■ What to do: Find the line below with "食物多样能保证营养丰富和充足" and the line with "The results for". Output exactly those lines and everything between them, leaving out the pictures.

■ Dataset entries:
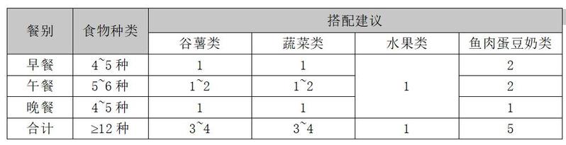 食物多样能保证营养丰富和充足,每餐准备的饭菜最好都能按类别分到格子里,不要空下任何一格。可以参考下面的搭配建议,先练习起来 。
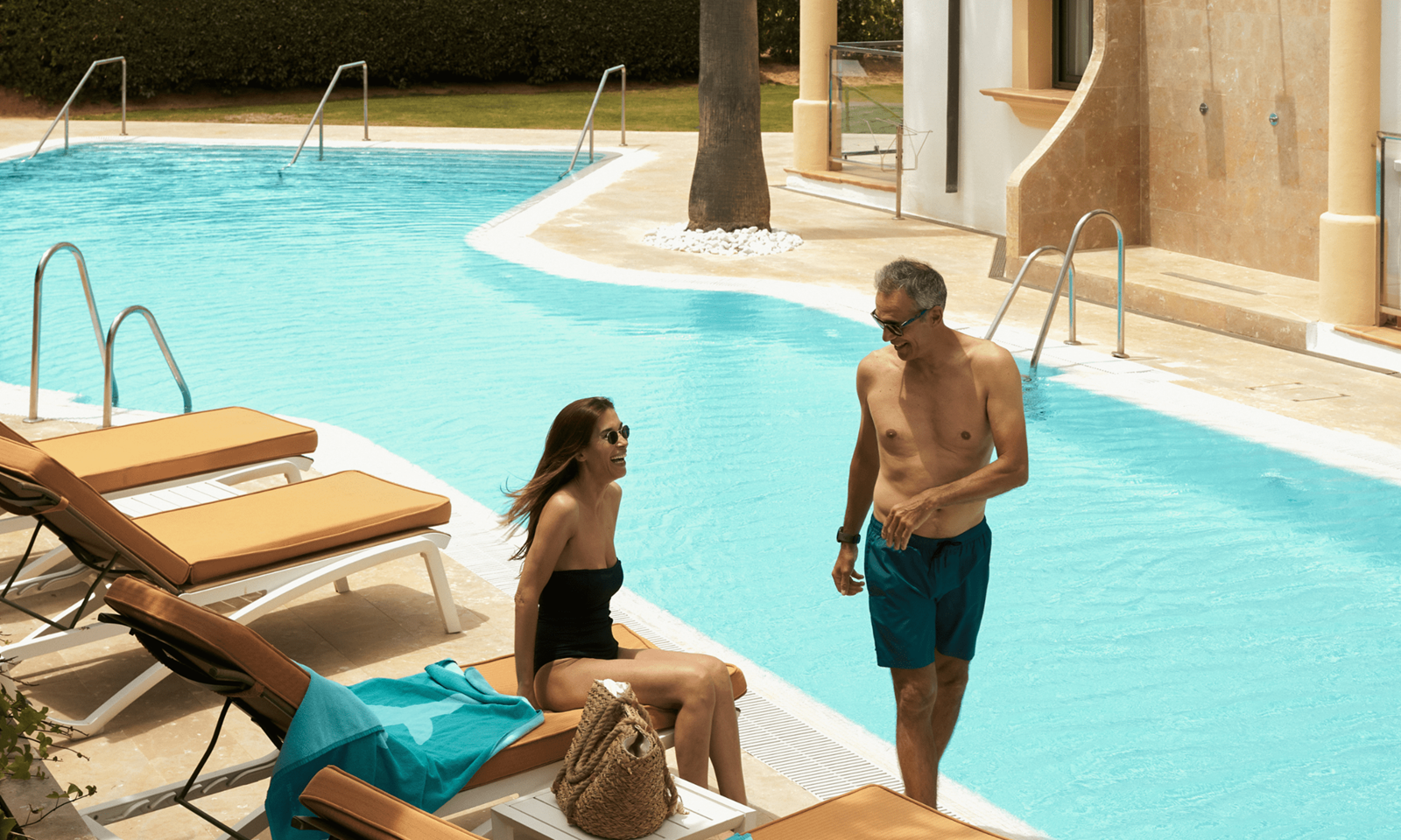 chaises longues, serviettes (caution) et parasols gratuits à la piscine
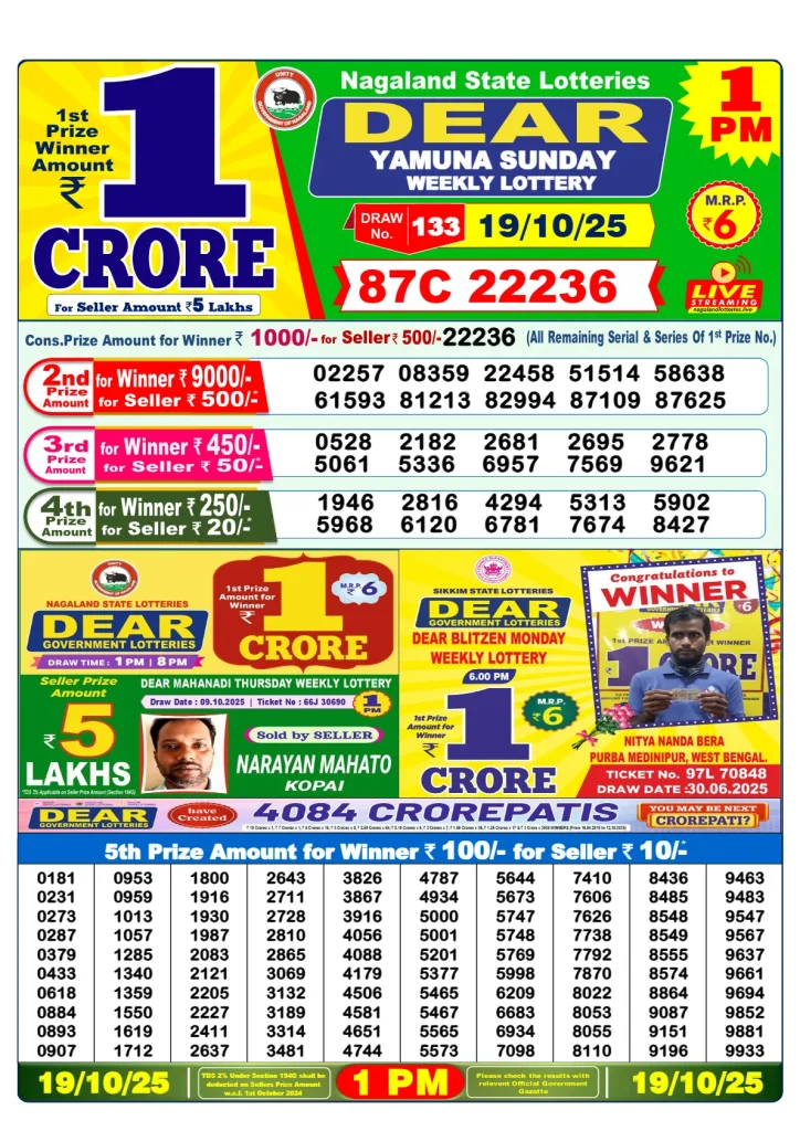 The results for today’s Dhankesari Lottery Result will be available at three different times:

--

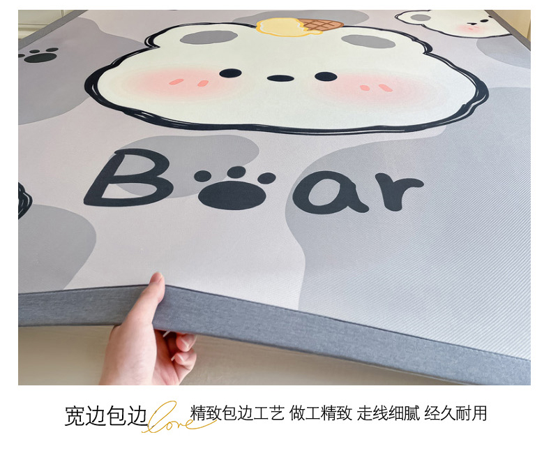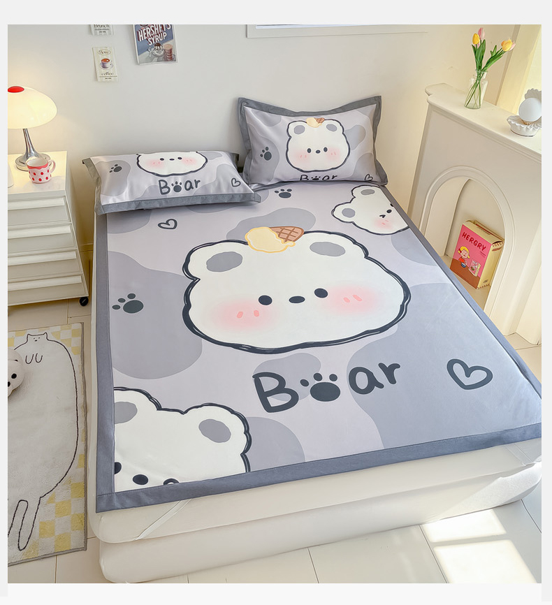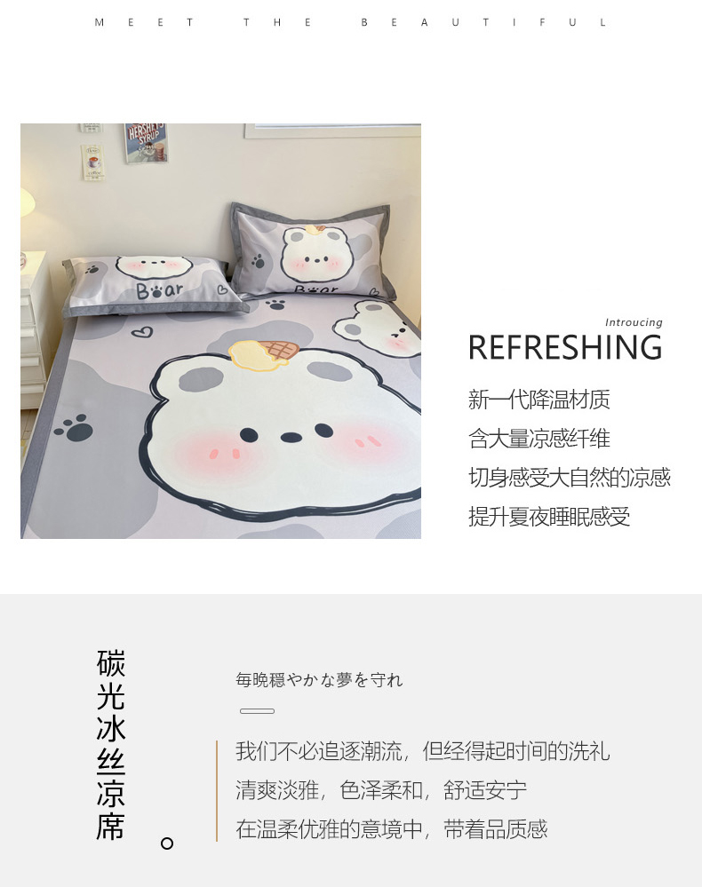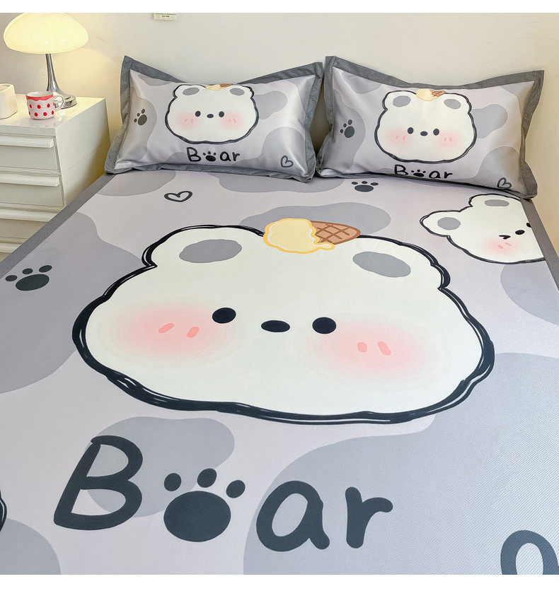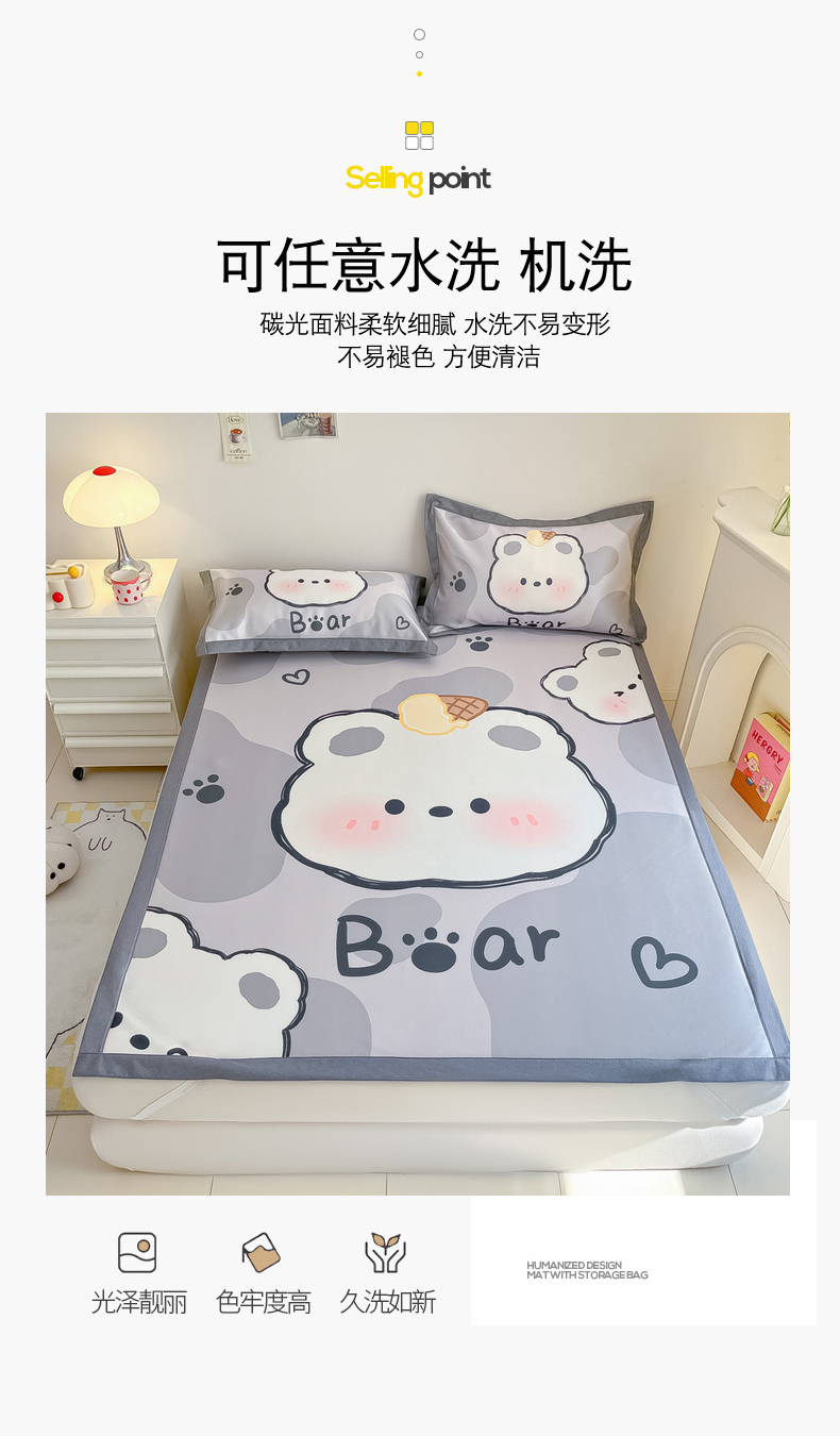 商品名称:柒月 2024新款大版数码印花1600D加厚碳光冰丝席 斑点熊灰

■ Output below:
 食物多样能保证营养丰富和充足,每餐准备的饭菜最好都能按类别分到格子里,不要空下任何一格。可以参考下面的搭配建议,先练习起来 。
 chaises longues, serviettes (caution) et parasols gratuits à la piscine
 The results for today’s Dhankesari Lottery Result will be available at three different times:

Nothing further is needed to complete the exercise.